Setting goals through my treatment was something I felt I needed to do, my fitness goal was to run the half marathon at the Gold Coast in 2017. I saw an exercise physiologist who has had specialist training to train cancer patients post-surgery and throughout chemo, she was amazing, keeping me strong and healthy, monitoring me extra closely on my harder days. Following our move to South Australia, my back gave me immense trouble and reminded me how managing fatigue post-treatment was very different to before diagnosis and forced me to be patient and begin building strength from the beginning once again. I made the decision to wait another 12 months to fulfil my goal. A half marathon in 2018 on the Gold Coast, my hometown, in the year both the event and I turned forty. I did it. I was more resilient than I could have imagined. Perspective changed, and growth was achieved.
As I’ve mentioned, I’m quite practical and another goal following treatment was ‘to never sit in a chemo chair again’. To that end, with my BRCA 1 mutation, I have had prophylactic surgery and chosen not to have reconstructive surgery. I have chosen to remain flat. I save lots of money on bras and running is even more enjoyable. There’s always a silver lining, although you need to look hard when the sky is full of grey clouds.

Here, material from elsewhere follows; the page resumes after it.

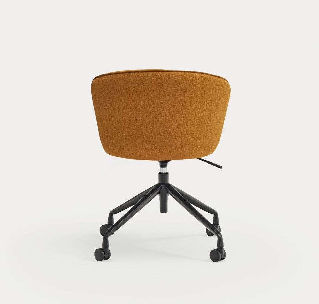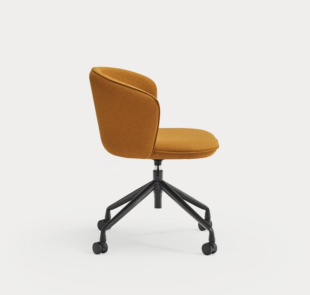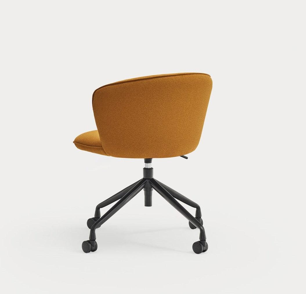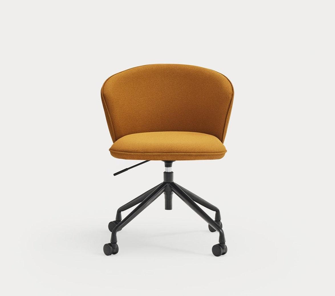Voll ausgestattet mit Rädern, Stuhl In einer intensiven Senffarbe ist eine Kombination aus Stil und Praktikabilität. Die Metallbasis ermöglicht eine reibungslose Drehung seiner Achse, die dem Benutzer unbegrenzte Bewegungsfreiheit ermöglicht. Dies wird besonders von Personen geschätzt, die lange Stunden am Schreibtisch verbringen oder an Besprechungen oder Konferenzen teilnehmen. Der breite Sitz bietet zusätzlichen Komfort, während sich die gepolsterte Rückenlehne perfekt an die Form des Körpers anpasst, wodurch der Muskeltonus reduziert und die Wirbelsäule unterstützt wird. Der ADD -Stuhl ist nicht nur eine ästhetische Wahl, sondern vor allem ein praktisches Element des Büro- oder öffentlichen Raumausrüstung.

My message was clear and remains clear. ‘Grab Your Boobs Please and pass the message’. I want anybody and everybody to be aware of their bodies and have any changes in or on their skin to be checked as soon as possible. Be your own advocate. Or contact me and we’ll make a plan together. I’m always happy to speak from my experience.
Join us for this year’s Mother’s Day Classic, set an example to make a difference, raise funds for the research that is life-changing and create some lasting memories with some special people.